Life Lessons from The Empire Strikes Back [part 10]: prelude to The Duel.

2010/09/03

I learned a lot from this battle.

Wow. I originally intended to be done with this series by late June. But here it’s September and I’m just starting the final segment, which is going to run for at least 2 installments.

But enough with recrimination. On with the retrospective!

The duel doesn’t start with the first clash of lightsabers captured above, but several minutes earlier in the film, when Luke decides to abandon his training at a crucial stage to rescue his endangered friends. Thus was an earlier lesson I learned in the film reinforced: Don’t abandon your friends and comrades.

But there’s a tension in the lesson this time around, as Luke is defying the wishes and advice of both the greatest mentors of his young life. They fear that he will fail and only dash their hopes anew:

Yoda: “Strong is Vader. Mind what you have learned; SAVE you it can!”

That line chilled me a bit. Yoda isn’t even guaranteeing that his training is enough to survive, much less defeat Vader. But Luke, for his part, doesn’t even entertain the possibility of failure. It seems that Yoda’s earlier instruction for him to “Try not; do or do not” has finally taken root in the worst way. Luke says two things in this scene that resonate much later in the film and much later in my life:

“You won’t.”

and

“I’ll return…I promise.”

The first line is in response to the ghostly Obi-Wan’s voiced fear of losing Luke to the dark side the way he lost Vader, his previous apprentice. The second line is a similar vow given to Yoda regarding his unfinished training.
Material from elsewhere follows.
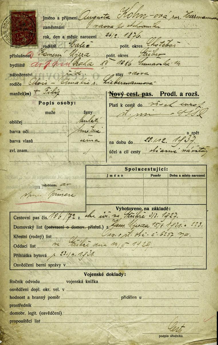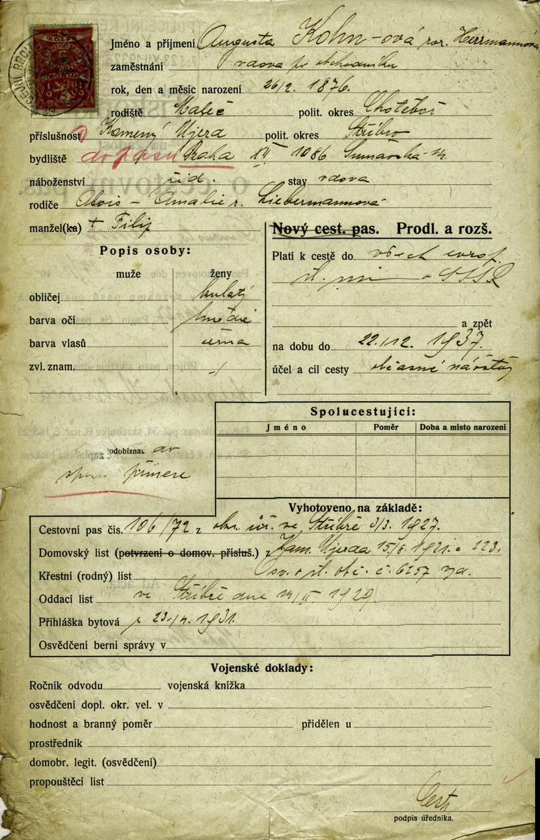 Nationalarchiv Prag > Polizei-Direktion Prag > 1931-1940 > K > Kohnová Augusta

These exchanges remind me of an episode near the end of Jesus of Nazareth’s earthy life. Two of his disciples, James and John, conspire with their mother to jockey for right- and left-hand-man status with Jesus when He comes into His Kingdom. Jesus asks them if they’re able to pay the same price in suffering that He’s about to endure. In their blindly ambitious naivety, both say they can and will.

Like Luke, the “sons of thunder” had no clue what they’d just vowed to do.

The LIFE LESSON of this scene, then is this: don’t make vows you really don’t know if you can keep.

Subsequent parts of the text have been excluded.